I still firmly believe that relationships, connection to others and inclusion are the strongest safeguards against wounding and devaluation. What ultimately keeps people safe is other people and there are lots of powerful and life-giving examples of this in Matthew’s life. For starters the difference in his life since he came back to us and reclaimed his place in our family. Connection is why we’re here. I believe it is part of our human identity – to love, to be loved in return, to belong. Our identities are relational. I am me because of my relationships to others.

So here we have the block – believing in the power of relationships but having experienced multiple wounds from relationships.

Fully embracing vulnerability

The bind is that relationships, inclusion, belonging keep us safe, but they are also a key experience of vulnerability. In order for connection to happen we have to allow ourselves to be vulnerable.

What if we tried to see vulnerability a bit differently; as a human experience?

I would encourage you to take a look at the work of Brene Brown.

Listening to her research into these areas of connection, vulnerability, shame and authenticity changed my whole perspective and was catalyst to me delving into these questions. Check out the fantastic presentation she did for TED Talks a couple years ago.
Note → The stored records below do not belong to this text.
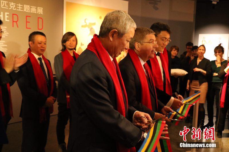中国红”新春系列活动在瑞士洛桑奥林匹克博物馆开幕,国际奥委会主席巴赫、副主席于再清等为活动剪彩。“为奥运喝彩”项目组供图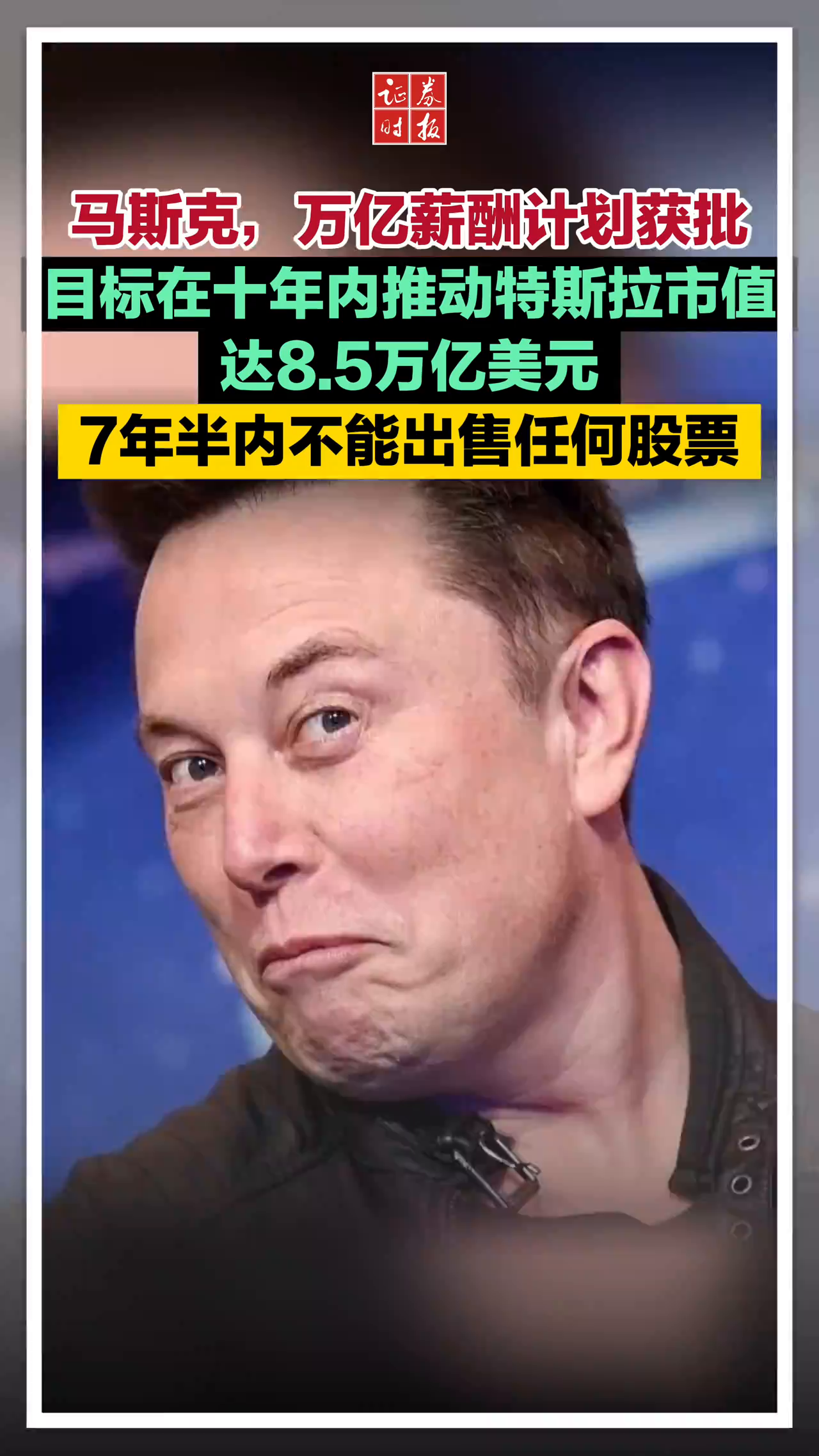 马斯克万亿美元薪酬计划获批 目标在十年内推动特斯拉市值 达8.5万亿美元 7年半内不能出售任何股票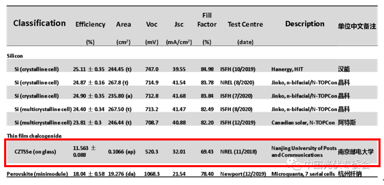 近日,中国可再生能源学会主办的“2020中国可再生能源学术大会暨第二届云南绿色能源国际论坛”在昆明举办。9月21日,中国可再生能源学会光伏专业委员会(CPVS)在该论坛发布了2020年中国太阳能电池最高效率(CPVS Best Research Cell Efficiencies),包括晶体硅、铜锌锡硫和钙钛矿在内的三类电池,其中我院辛颢教授课题组铜锌锡硫硒(CZTSSe)薄膜太阳能电池登上《太阳电池中国最高效率》,这是该类薄膜太阳能电池效率首次被收录,标志着开云体育app下载 科研团队在太阳能电池领域的研究取得重大突破。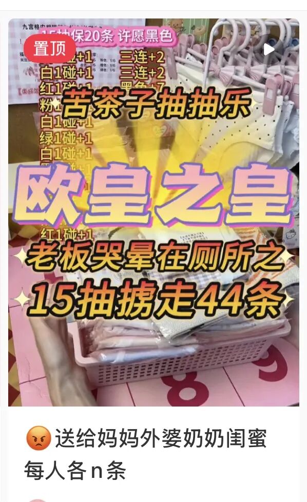 于是各个直播间里出现了苦茶子抽抽乐、袜子抽抽乐、零食抽抽乐、文具抽抽乐、纸巾抽抽乐,大多是单价不高的日用品,这些商品反正大家平时也要买,晚买不如早买,拼多多买不如直播间买——万一欧中了呢?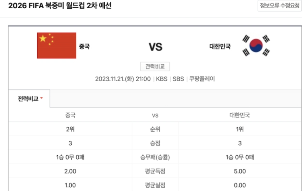 2026 북중미 월드컵 아시아 2차예선 한국대표팀 한국 중국 축구 중계 11월21일 화요일 저녁 9시에 중국에서 경기를 합니다. 중계는 쿠팡플레이를 비롯하여 KBS, SBS에서 합니다. 개인적으론 쿠팡플레
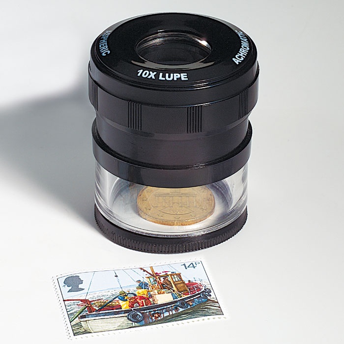Besonders zur Beurteilung eines Druck-Rasters bzw. eventueller Druckfehler oder Beschädigungen geeignet. Die hochwertige Linse gewährleistet ein verzerrungsfreies Bild. Mit abnehmbarer Milimeter-Skala. Die Scharfeinstellung erfolgt bei Bedarf mit Hilfe eines Gewindes. Linsendurchmesser 22 mm, Gesamt-Durchmesser 40 mm, Höhe 44 mm, 10,00 Diopter, asphärisch, Acrylic-Linse.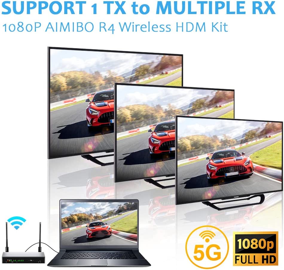 - 【Up to 8 Kits use in one location】 - Each pair of AIMIBO Wireless HDMI transmitter and receiver can be set with a independent channel to allow multiple extender kits to be used in the same environment without interference.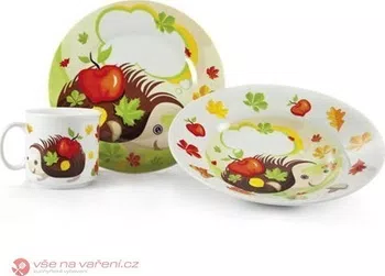Informace o výrobkuBanquetPopisDětský jídelní sada JEŽEK 3 ks zpestří jídlo našim nejmenším. Jídelní sada je vyrobená z kvalitní keramiky a je vhodná do jak do mikrovlnné trouby i do myčky na nádobí. Sada obsahuje: mělký talíř 20 cm, hluboký talíř 20 cm, hrnek 210 ml.ParametryProduktové číslo60YDDS03B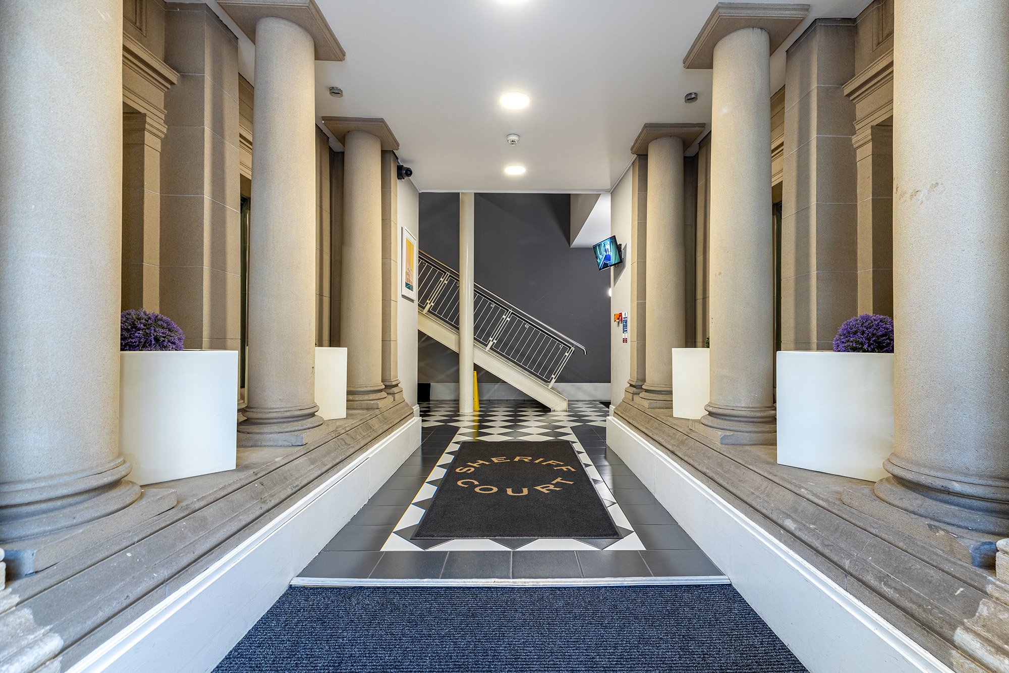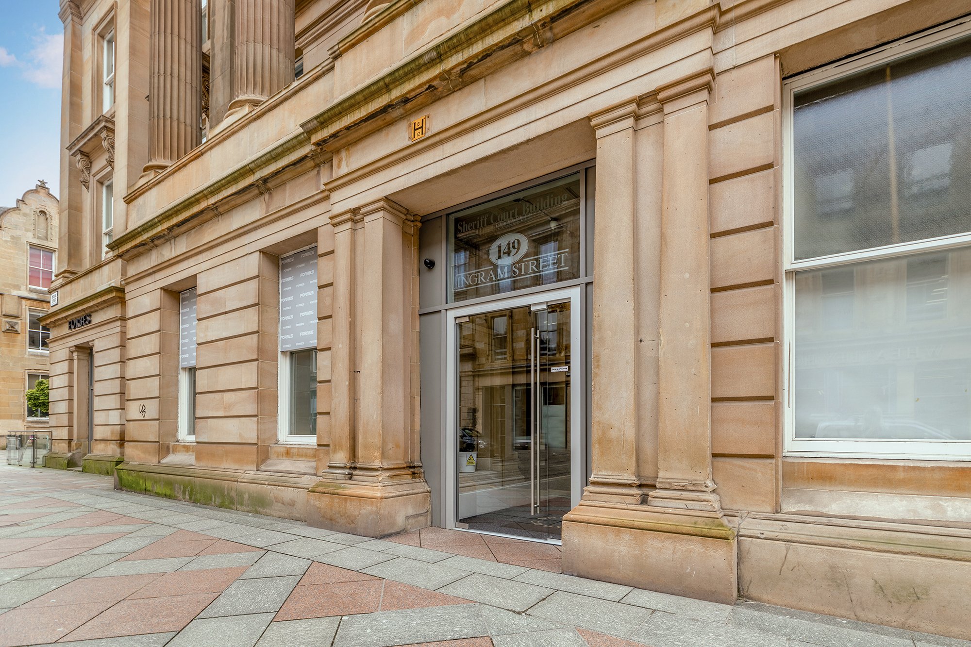 Walking from George Square continue South onto South Frederick Street. At the lights turn left onto Ingram Street passing by the Italian Centre on the left. Crossing at the pedestrian lights on the Glassford Street Junction, continue heading east on Ingram Street, cross over Hutchison Street. where you will find The Sheriff Court Building entrance at No. 149 almost immediately on the right-hand side. Once inside the building, take the lift to level three and follow the corridor to the first corner of the building passing the residents gym and courtyard gardens.

The risks when we reach out are being misunderstood, being rejected, feeling out of control, feeling exposed, fearing being seen as needy, all our crappy characteristics will become known and then we we’ll be left, being in a place where there are no guarantees …… this list goes on.

As a family member, I think we often take on these fears on behalf of our person with disability. They have faced so many wounding experiences already that we don’t want them to have to face anymore if we can help it. Actually we become afraid to take a risk on another’s behalf.  All the previous wounding experiences pile up and this history makes it hard to take any more risks. Do we then become part of the wounding structures ourselves because we can’t bring ourselves to do this, because we perceive too much risk in reaching out? Because this kind of vulnerability is also the birthplace of joy, creativity, love and tenderness.

Brown’s research reveals consistently that the one thing that keeps us out of connection with others is fear of not being worthy of it. People who felt they were worthy, fully embraced vulnerability. To them it wasn’t pretty but it was necessary. If I haven’t tempted you to her website, I hope I have now!

This then got me thinking about shame. Do we carry shame about ourselves or shame on another’s behalf? Do we believe that we or the people we represent, are imperfect but worthy of love and belonging? If we don’t believe that people can connect to others in their vulnerable and imperfect state, or that there are some people worthier of love and belonging than others, then we won’t be able to take the steps of reaching out to others, of developing relationships beyond those paid to be there.

Brown’s research over many years has revealed that the only difference between people who have a strong sense of belonging and worthiness and people who wonder if they are good enough is that they believe they are worthy of love and belonging.

We need the courage to be imperfect, compassion to be kind to ourselves and celebrate who we are.